DATASET SECTION —
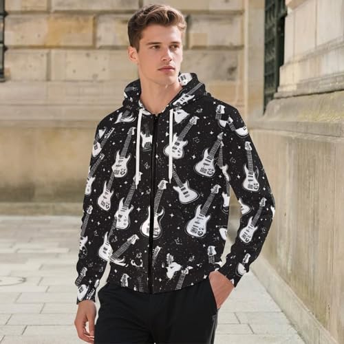 Rock And Roll Themed Men's Hoodies with Zipper Lightweight Long Sleeve Casual Sweatshirts 6
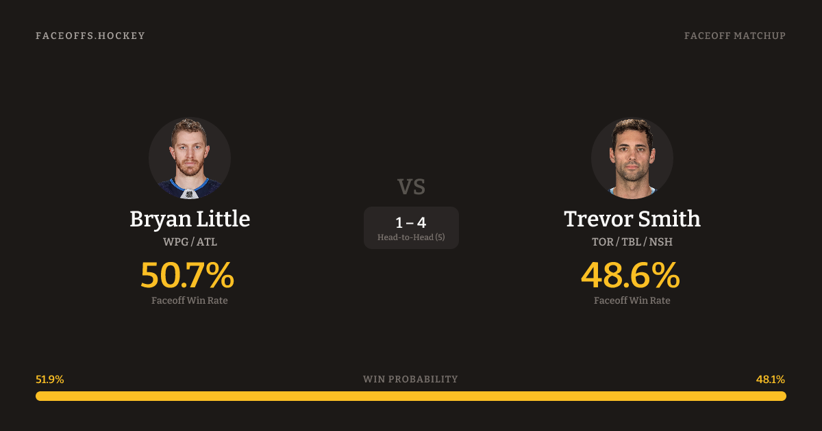 Bryan Little vs Trevor Smith — Faceoff Head-to-Head
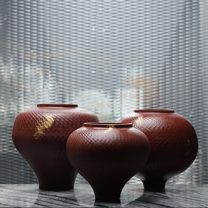 新中式创意红色陶瓷花瓶摆件客厅茶几餐边柜桌面插花花器软装饰品
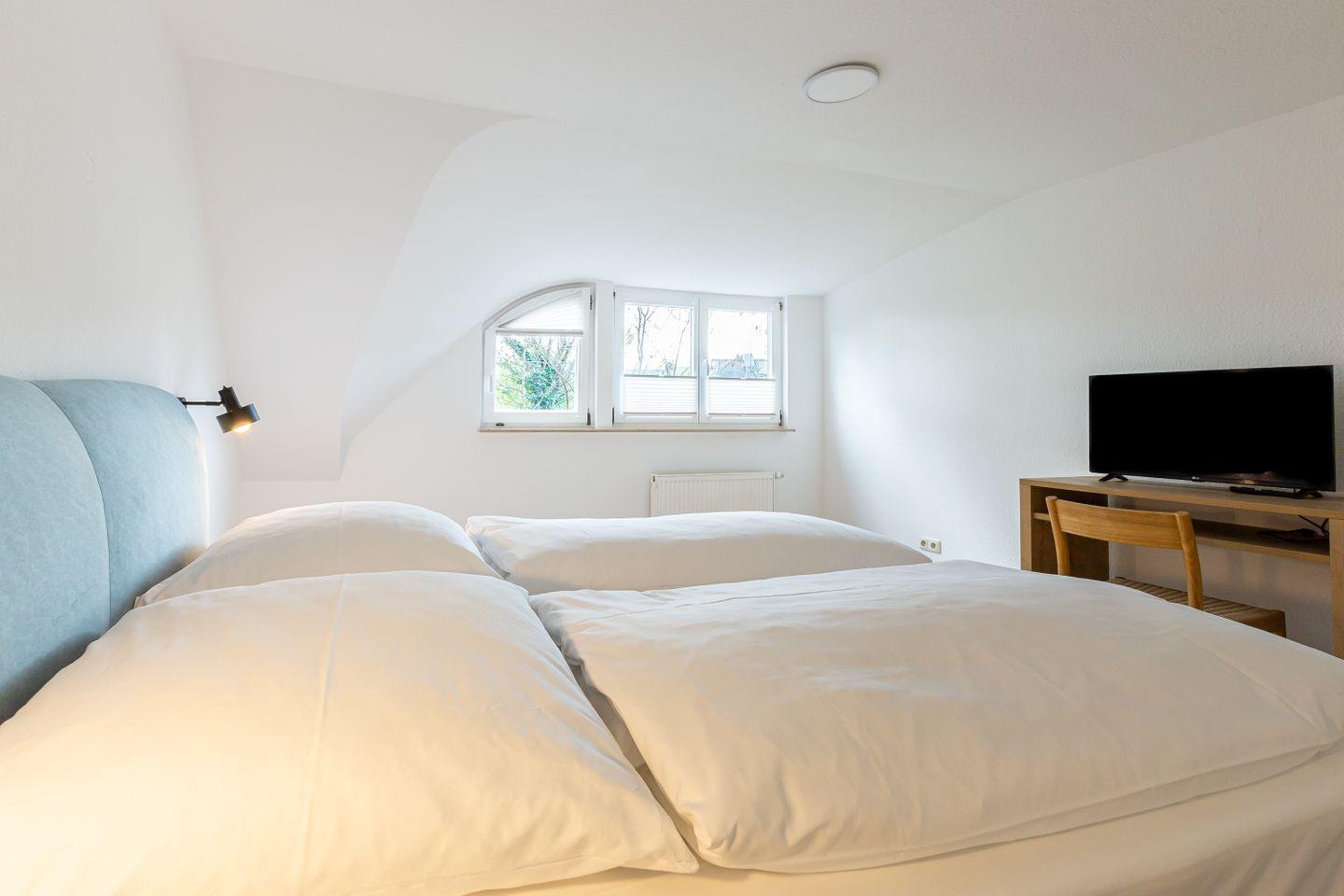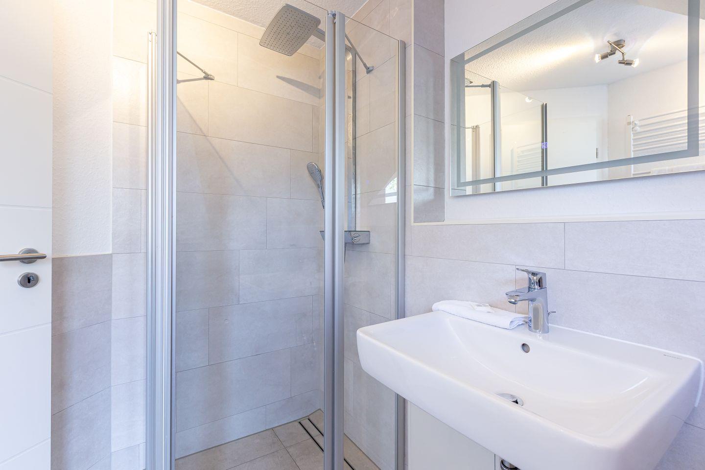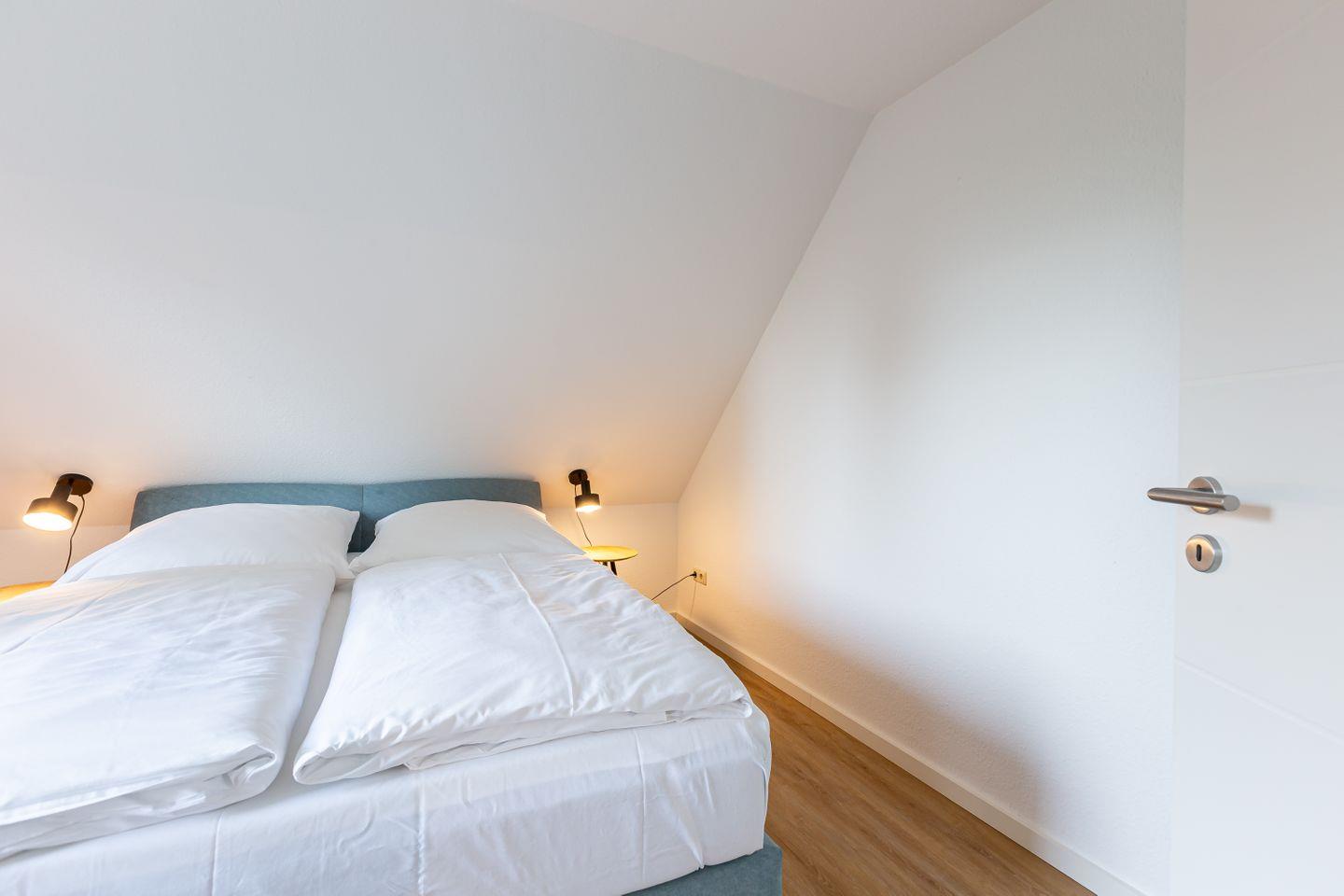 Zwei Schlafzimmer mit hochwertigem Boxspringbett laden zu erholsamen Nächten ein und bieten ausreichend Platz für Paare oder Familien. Das moderne Bad überzeugt mit großzügiger Dusche und einer angenehmen Atmosphäre. Vom sonnigen Balkon aus genießt du den Blick in die ruhige Umgebung – perfekt, um den Tag entspannt ausklingen zu lassen.

ABOUT THIS TASK —
Could you retype the whole listing word for word, minus its pictures?

EXERCISE RESULT —
 Rock And Roll Themed Men's Hoodies with Zipper Lightweight Long Sleeve Casual Sweatshirts 6
 Bryan Little vs Trevor Smith — Faceoff Head-to-Head
 新中式创意红色陶瓷花瓶摆件客厅茶几餐边柜桌面插花花器软装饰品
 Zwei Schlafzimmer mit hochwertigem Boxspringbett laden zu erholsamen Nächten ein und bieten ausreichend Platz für Paare oder Familien. Das moderne Bad überzeugt mit großzügiger Dusche und einer angenehmen Atmosphäre. Vom sonnigen Balkon aus genießt du den Blick in die ruhige Umgebung – perfekt, um den Tag entspannt ausklingen zu lassen.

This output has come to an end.